Iberotrygon Temporal range: Late Cretaceous, 95 Ma PreꞒ Ꞓ O S D C P T J K Pg N ↓

Scientific classification
- Kingdom: Animalia
- Phylum: Chordata
- Class: Chondrichthyes
- Order: Rajiformes
- Suborder: †Sclerorhynchoidei
- Genus: †Iberotrygon Kriwet, Nunn & Klug, 2009
- Binomial name: †Iberotrygon plagiolophus Kriwet, Nunn & Klug, 2009

= Iberotrygon =

Extinct genus of cartilaginous fishes

Iberotrygon is an extinct genus of sclerorhynchoid ray from the Cenomanian Mosqueruela Formation of Spain. Only the single species I. plagiolophus, is known; it was named and described in 2009. It is known from the holotype MPZ 2005-33, an antero-lateral tooth, and the parartypes MPZ 2005-34, four well-preserved teeth from a single juvenile?, and MPZ 2005-35, an isolated tooth (all found in Sample 4 from Facies 2).

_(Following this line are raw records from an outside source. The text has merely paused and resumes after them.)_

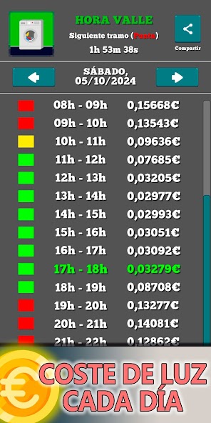 Schedule notifications for the cheapest or most expensive times. Calculate by simulation with the App's Calculator how much you will consume with 1 hour of air conditioning. Change the layout of how data is displayed. Get reports with graphs and history for the most curious and much more!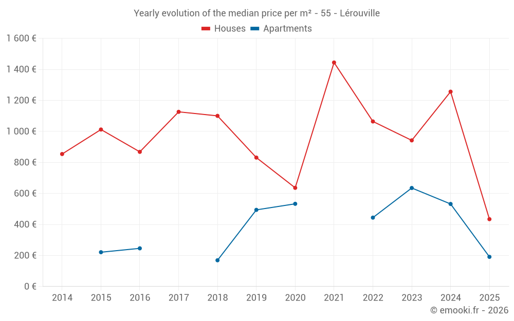 The median price on the 24 house transactions of the last 24 months in the municipality of Lérouville was 1 026 € per square meter for a median property value of 108 200 €. Over this period, 60% of transactions were between 551 and 1 438 € per square meter (from the 2nd to the 8th deciles).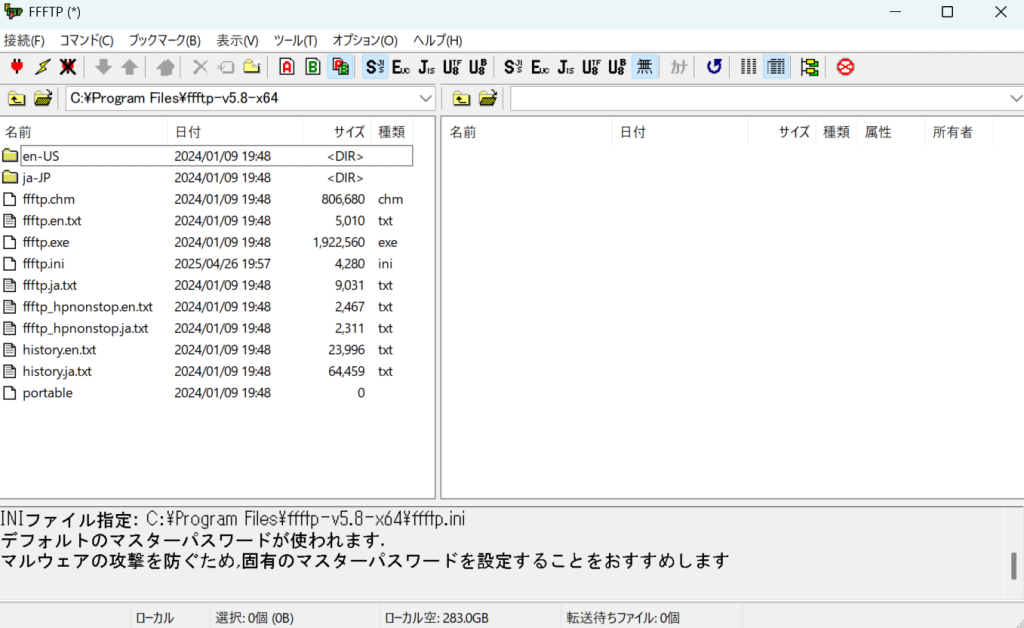 FFFTPはWindows向けの無料のFTPクライアントソフトウェアです。日本語と相性がよくUIがわかりやすいので多少古いですが使うことも選択肢に入れていいかなと思います。

The tooth crown of Iberotrygon is cuspidate, with a well-developed, high, pointed, main cusp that is inclined lingually in teeth of juveniles and adults. The lingual margin of the crown overhangs the root, especially towards the apex. The crown is bulky and well defined, while the crown shoulders are short and low, while contrastingly, the cutting edge is blunt but continuous between the central cusp and crown shoulders. In occlusal view the crown is devoid of distinct transversal crests. However, there is some ornamentation, most notably a longitudinal medio-labial ridge, which sometimes bifurcates basally delimiting the apron. There are conspicuous short vertical ridges at the labial crown base. These vertical ridges occasionally are amalgamated in smaller, probably juvenile teeth forming a short transversal crest similar to those found in Ptychotrygon. The apron is broad, with a rounded extremity that is bent basally and is detached from the labial contour. The lingual face is fairly steep, and has a well-developed vertical directed uvula, above which is a well-marked central depression. This depression is bordered dorsally by a short and slightly convex transversal crest, which is constrained to the central cusp. The root is low and narrow, with narrow lobes separated by a broad, but deep central groove. There is no basal bulge.

The teeth of Iberotrygon display some sort of ontogenetic variation. According to the available material, teeth of juvenile individuals seemingly differ from adult ones in the presence of amalgamated vertical ridges into short transversal crests and the presence of a vertical labial crest that tends to bifurcate basally in teeth of adults.

Teeth of Iberotrygon resemble those of Ptychotrygon, Texatrygon and Archingeayia to some extent but can easily be distinguished from those by the character combination indicated in the diagnosis.